The house was silent. There hadn’t been much noise in Oliver’s life lately, not since little Josh’s third birthday. Oliver paused at the stairs leading to his son’s room, rubbing the back of his hand against his nose as he sniffled. A tiny green coat hung by the stairs, just above the doll-sized matching rain boots.

The same as every day for the past three years, Oliver turned to the cherry oak table and pulled a protein bar from his pocket. His bites seemed to echo through the house as he unwrapped the Vista Daily Gazette. The morning sunrise cast an orange hue over the room. The headline said something about a fire in California, nothing new. He turned to page eleven where the obituaries were, then tossed the rest of the paper into a large garbage bag behind him. It was way past being full and the paper slid from the pile to the floor.

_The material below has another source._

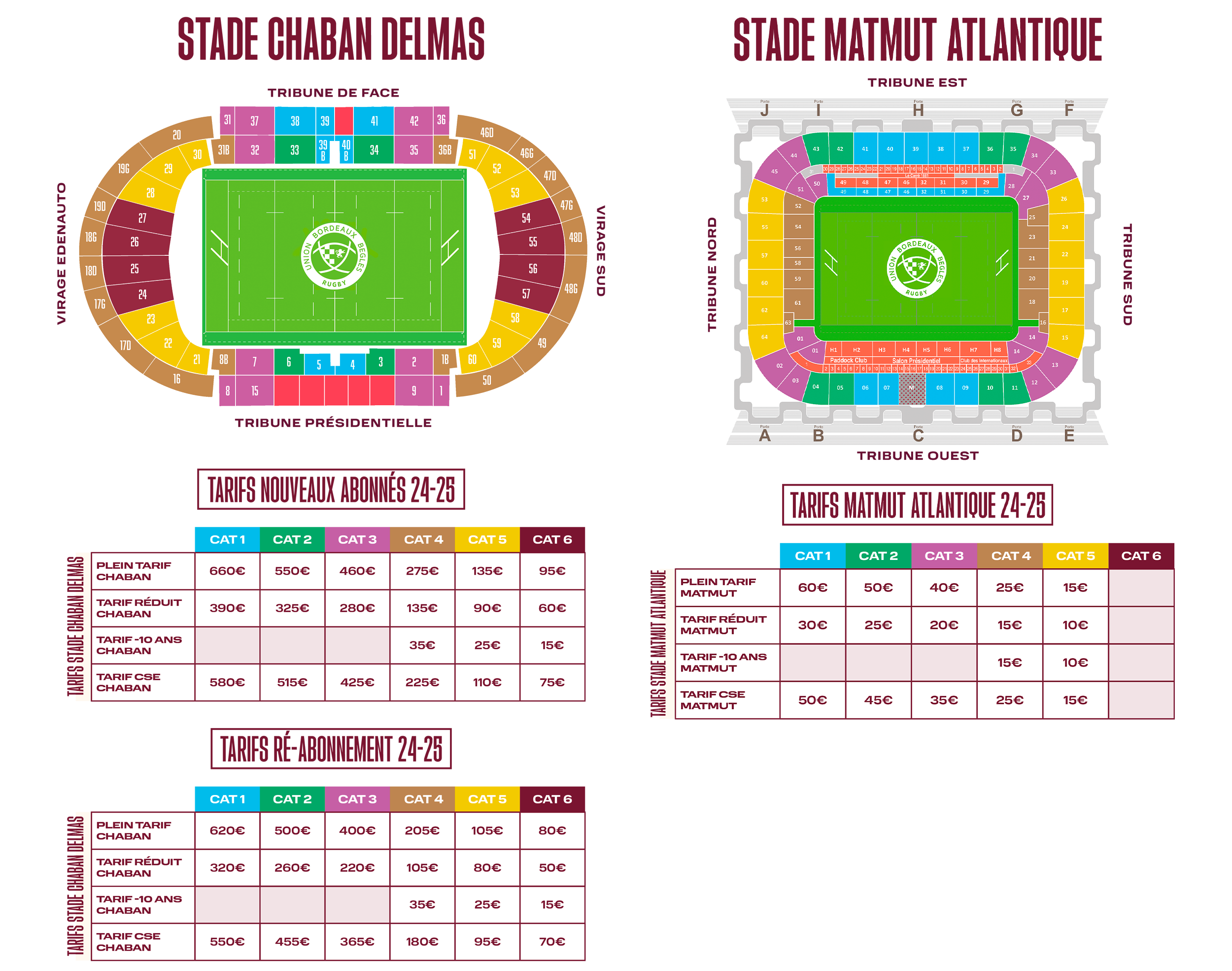 Pour les abonnements guichets, la pièce d’identité est à présenter obligatoirement au moment de l’abonnement au stade Chaban Delmas. Attention, aucune modification d’abonnement n’est possible en cours de saison.

Oliver used his thumb to scan the names, wondering if, no, hoping, he would see his own. Not today. He stood, hung his head, and allowed the page to fall with the rest. The complete silence filled his thoughts as he stumbled to the couch.

“Better get some sleep,” he mumbled to himself as his eyelids fell. His night shift on Camp Pendleton would begin again in twelve hours.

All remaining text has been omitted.